Aim of the exercise: Return each line exactly, from the one that has "24SS ベジタブルリーフプリント ネックギャザーブラウス" through the end of the entries, both ends included. Pictures do not belong.
===== Study material
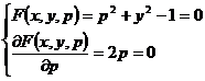 [ p - discriminant curve method ] For a first-order differential equation  , let , then the singular solution of the equation must be included in the following equations
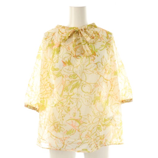 24SS ベジタブルリーフプリント ネックギャザーブラウス
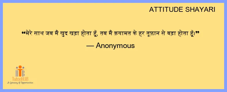 मेरे साथ जब मैं खुद खड़ा होता हूँ, तब मैं क़यामत के हर तूफ़ान से बड़ा होता हूँ।
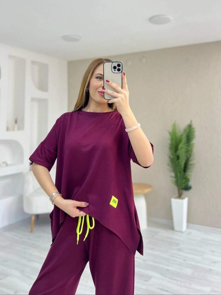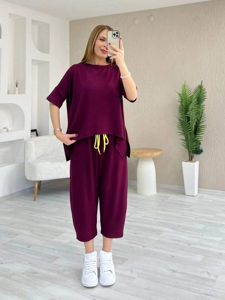 Kadın Kısa Kollu Bisiklet Yaka Viskon Iki Iplik Bluz Ve Pantolon Ikili Takım
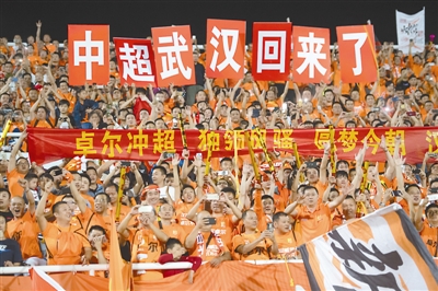10月6日,在2018赛季中国足协甲级联赛第27轮比赛中,武汉卓尔队主场以2比2战平梅县铁汉生态队,凭借积分优势提前三轮冲超成功。新华社记者 熊琦 摄
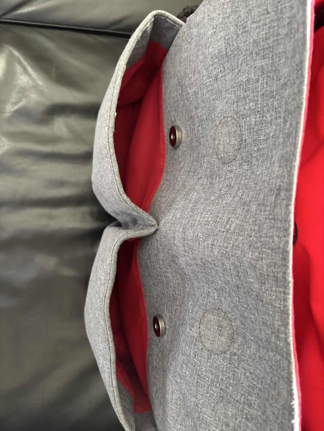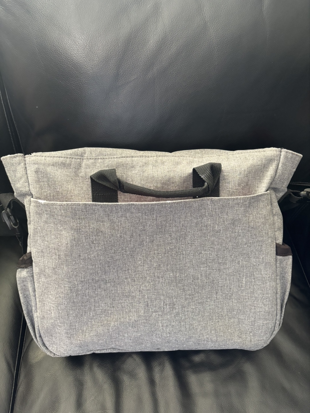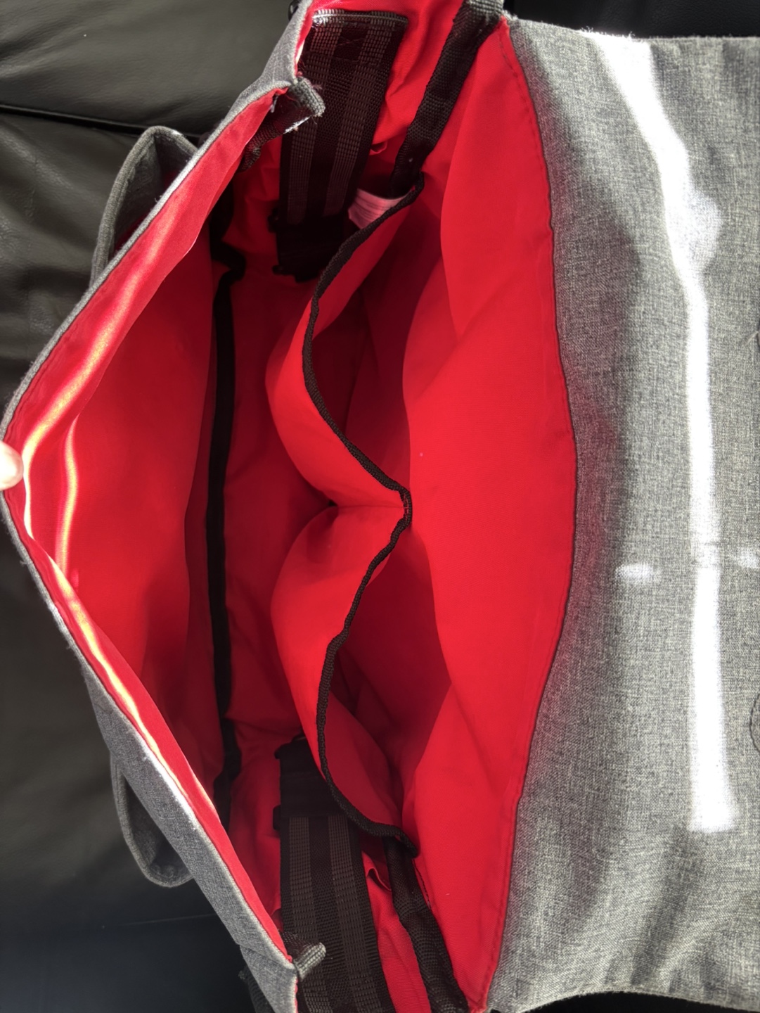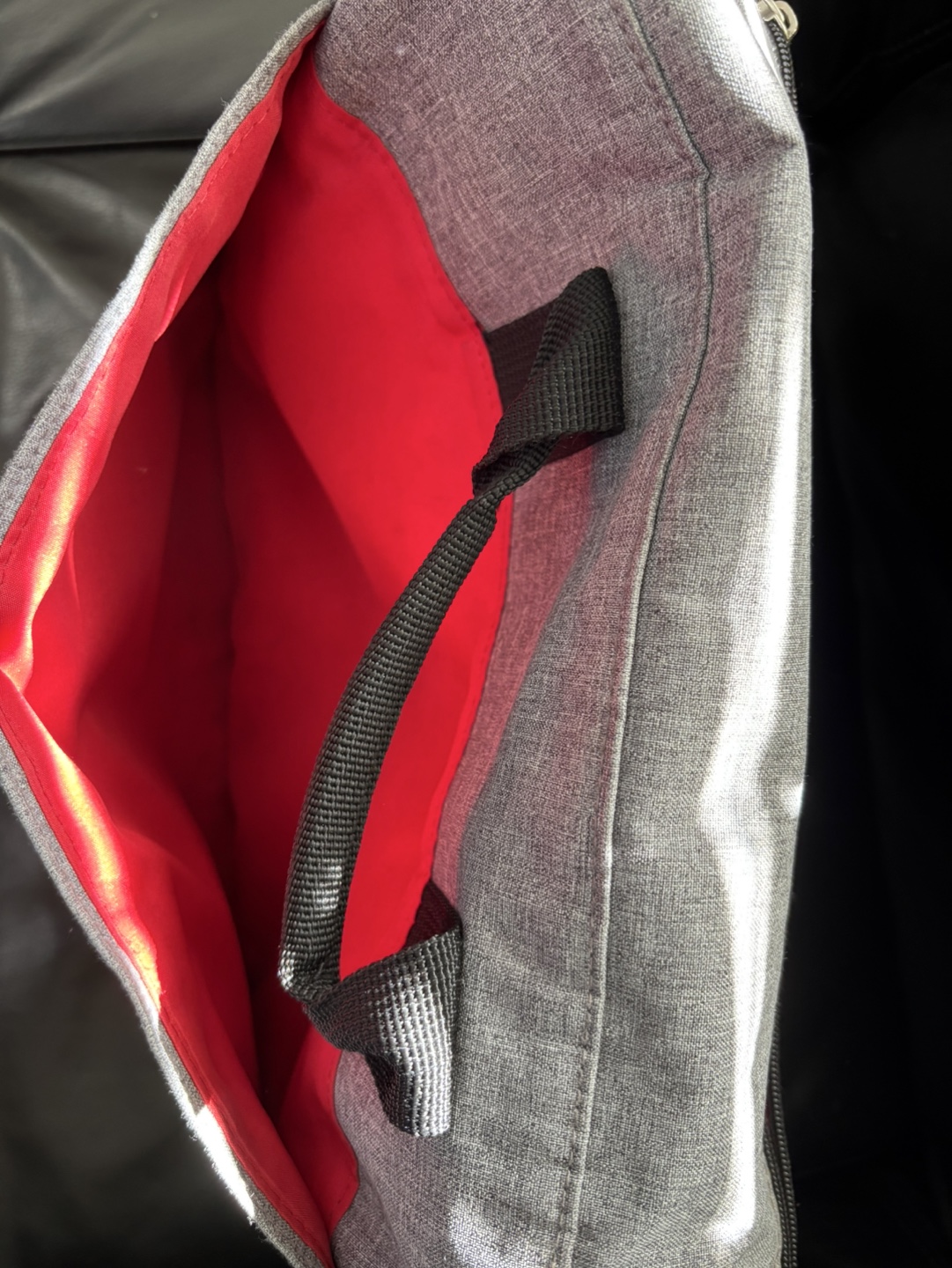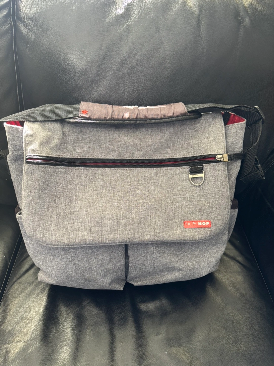 Grey Skip Hop diaper bag. Features multiple pockets and compartments. Red interior lining. Zipper closure. Adjustable shoulder strap. Top carry handles.
==========
Written response:
 24SS ベジタブルリーフプリント ネックギャザーブラウス
 मेरे साथ जब मैं खुद खड़ा होता हूँ, तब मैं क़यामत के हर तूफ़ान से बड़ा होता हूँ।
 Kadın Kısa Kollu Bisiklet Yaka Viskon Iki Iplik Bluz Ve Pantolon Ikili Takım
10月6日,在2018赛季中国足协甲级联赛第27轮比赛中,武汉卓尔队主场以2比2战平梅县铁汉生态队,凭借积分优势提前三轮冲超成功。新华社记者 熊琦 摄
 Grey Skip Hop diaper bag. Features multiple pockets and compartments. Red interior lining. Zipper closure. Adjustable shoulder strap. Top carry handles.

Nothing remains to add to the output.